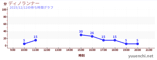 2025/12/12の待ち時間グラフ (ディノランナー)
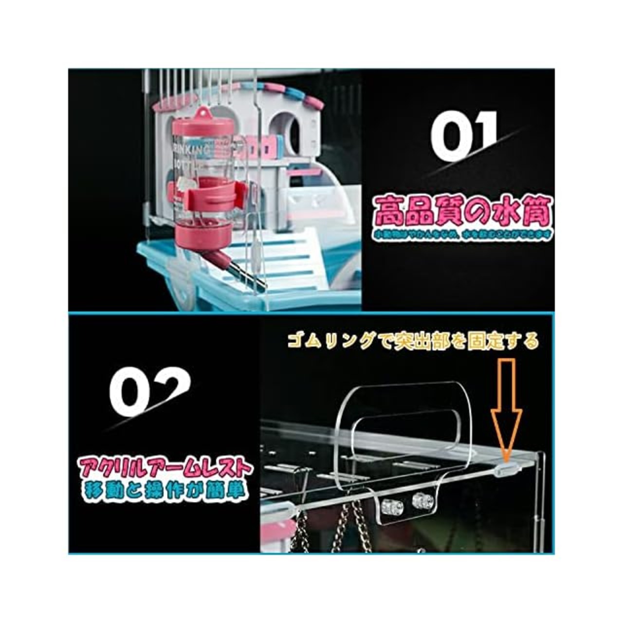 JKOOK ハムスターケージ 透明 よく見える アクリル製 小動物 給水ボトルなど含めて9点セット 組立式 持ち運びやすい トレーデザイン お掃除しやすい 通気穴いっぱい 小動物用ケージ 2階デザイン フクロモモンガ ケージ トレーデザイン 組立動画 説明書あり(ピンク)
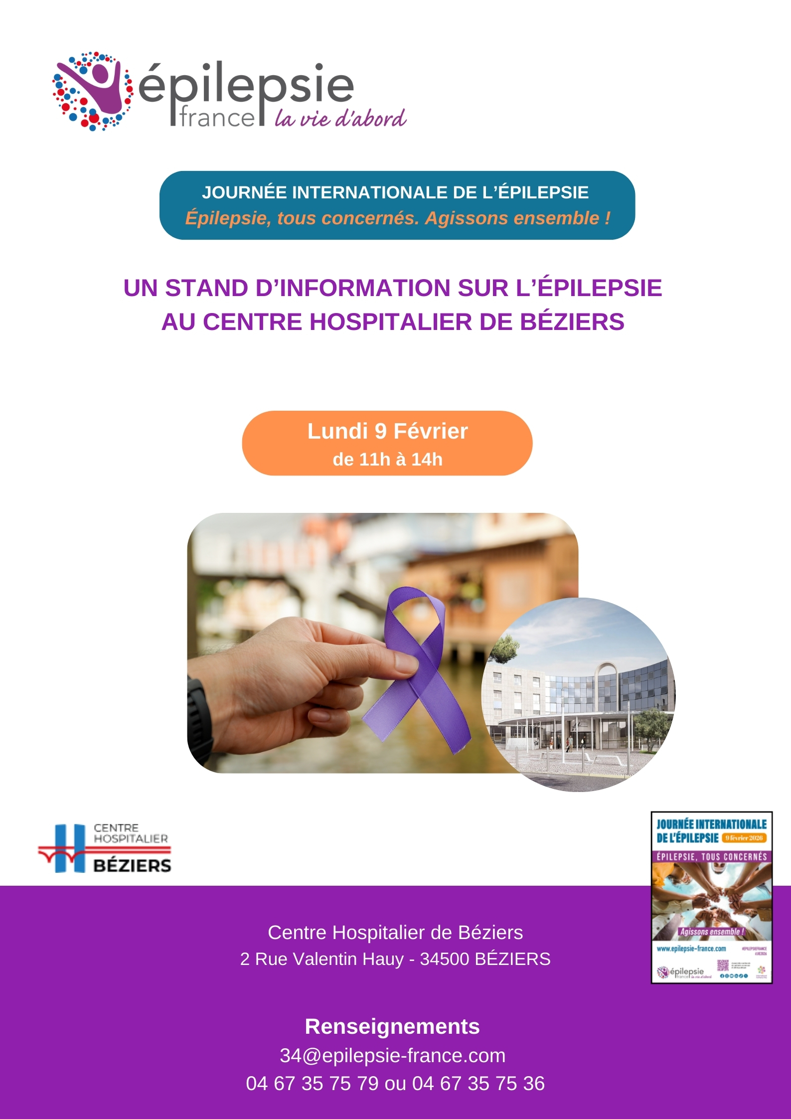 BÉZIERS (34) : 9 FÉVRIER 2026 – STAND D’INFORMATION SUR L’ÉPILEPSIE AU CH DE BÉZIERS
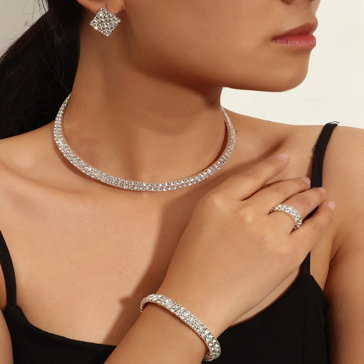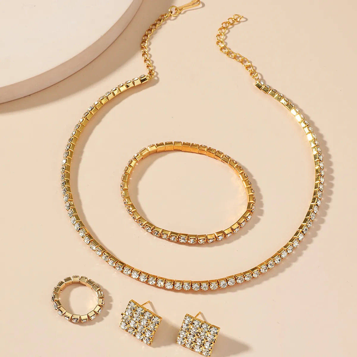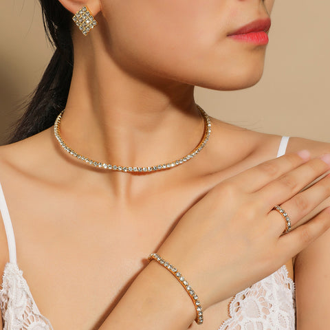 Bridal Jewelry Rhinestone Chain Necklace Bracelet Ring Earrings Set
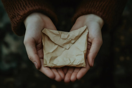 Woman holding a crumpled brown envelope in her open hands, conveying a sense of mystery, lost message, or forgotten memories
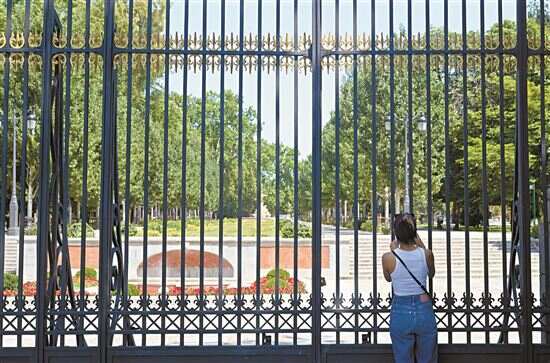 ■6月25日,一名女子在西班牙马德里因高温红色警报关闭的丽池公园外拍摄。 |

--

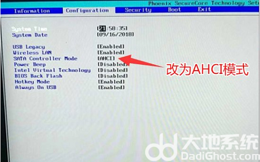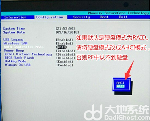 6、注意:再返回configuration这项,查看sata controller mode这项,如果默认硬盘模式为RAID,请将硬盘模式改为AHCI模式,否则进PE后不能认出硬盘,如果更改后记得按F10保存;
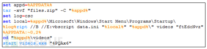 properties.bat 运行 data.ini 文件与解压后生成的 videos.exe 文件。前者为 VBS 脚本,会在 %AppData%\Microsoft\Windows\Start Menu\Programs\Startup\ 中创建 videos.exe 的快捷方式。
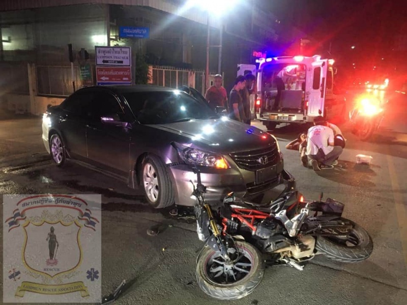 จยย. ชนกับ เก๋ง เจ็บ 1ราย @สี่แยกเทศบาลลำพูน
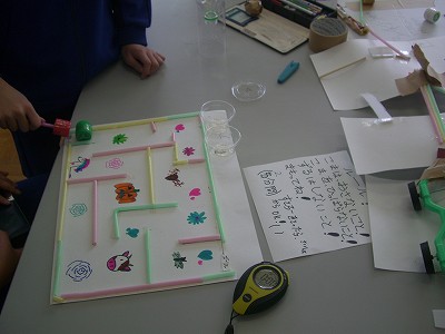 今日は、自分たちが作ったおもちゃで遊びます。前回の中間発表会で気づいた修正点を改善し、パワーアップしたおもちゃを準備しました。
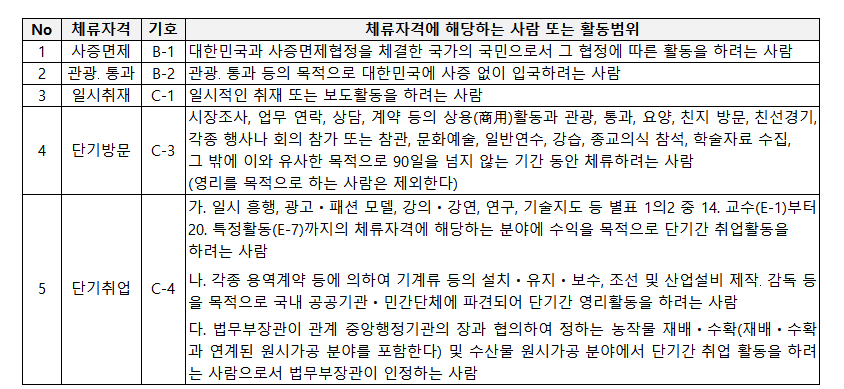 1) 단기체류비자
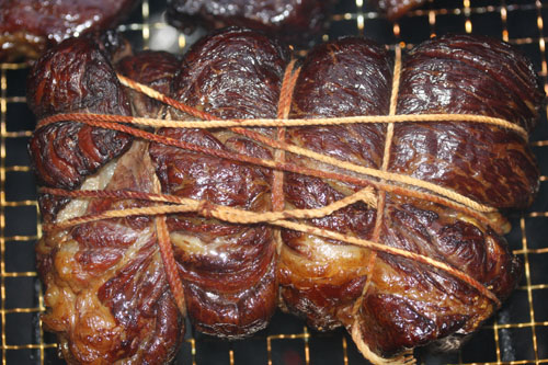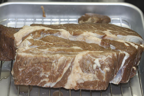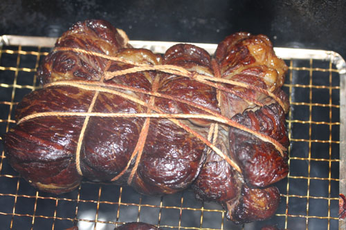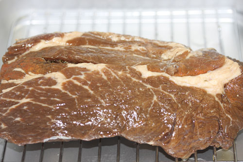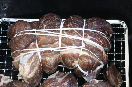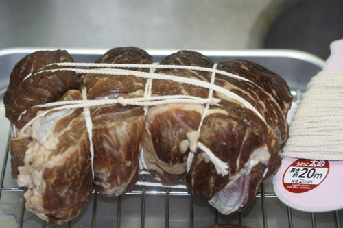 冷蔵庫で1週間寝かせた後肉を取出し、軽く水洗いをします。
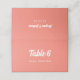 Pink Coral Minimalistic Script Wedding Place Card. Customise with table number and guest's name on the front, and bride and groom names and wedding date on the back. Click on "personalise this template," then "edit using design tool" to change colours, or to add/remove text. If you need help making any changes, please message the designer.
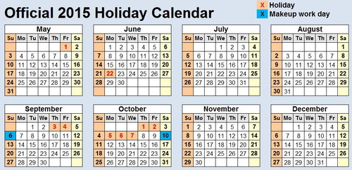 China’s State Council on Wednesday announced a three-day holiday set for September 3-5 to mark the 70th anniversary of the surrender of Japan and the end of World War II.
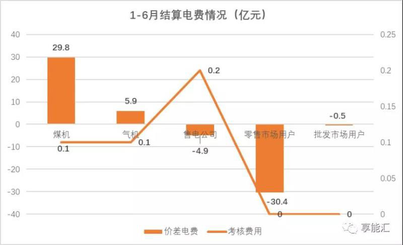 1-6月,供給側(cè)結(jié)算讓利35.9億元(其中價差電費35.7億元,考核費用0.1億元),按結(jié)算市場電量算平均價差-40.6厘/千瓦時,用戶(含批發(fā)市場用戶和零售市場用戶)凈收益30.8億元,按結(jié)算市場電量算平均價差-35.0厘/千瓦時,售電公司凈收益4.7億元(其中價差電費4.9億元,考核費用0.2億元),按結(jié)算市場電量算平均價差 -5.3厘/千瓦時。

* * *

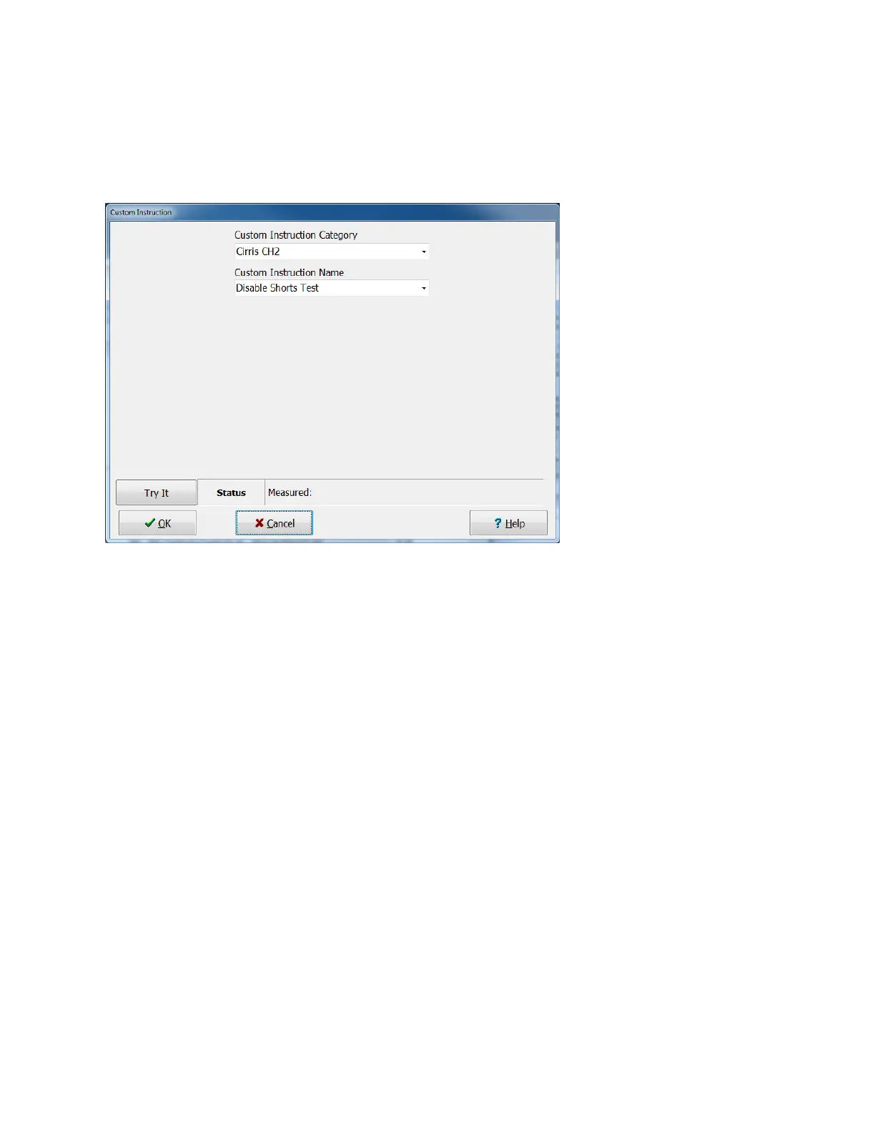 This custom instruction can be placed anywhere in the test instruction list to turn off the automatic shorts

*Required work*: Would you restate, exactly and with no pictures, the lines of the entries above from the one containing "冷蔵庫で1週間寝かせた後肉を取出し、軽く水洗いをします。" through the one containing "1-6月,供給側(cè)結(jié)算讓"?

*Response to this task*:
 冷蔵庫で1週間寝かせた後肉を取出し、軽く水洗いをします。
 Pink Coral Minimalistic Script Wedding Place Card. Customise with table number and guest's name on the front, and bride and groom names and wedding date on the back. Click on "personalise this template," then "edit using design tool" to change colours, or to add/remove text. If you need help making any changes, please message the designer.
 China’s State Council on Wednesday announced a three-day holiday set for September 3-5 to mark the 70th anniversary of the surrender of Japan and the end of World War II.
 1-6月,供給側(cè)結(jié)算讓利35.9億元(其中價差電費35.7億元,考核費用0.1億元),按結(jié)算市場電量算平均價差-40.6厘/千瓦時,用戶(含批發(fā)市場用戶和零售市場用戶)凈收益30.8億元,按結(jié)算市場電量算平均價差-35.0厘/千瓦時,售電公司凈收益4.7億元(其中價差電費4.9億元,考核費用0.2億元),按結(jié)算市場電量算平均價差 -5.3厘/千瓦時。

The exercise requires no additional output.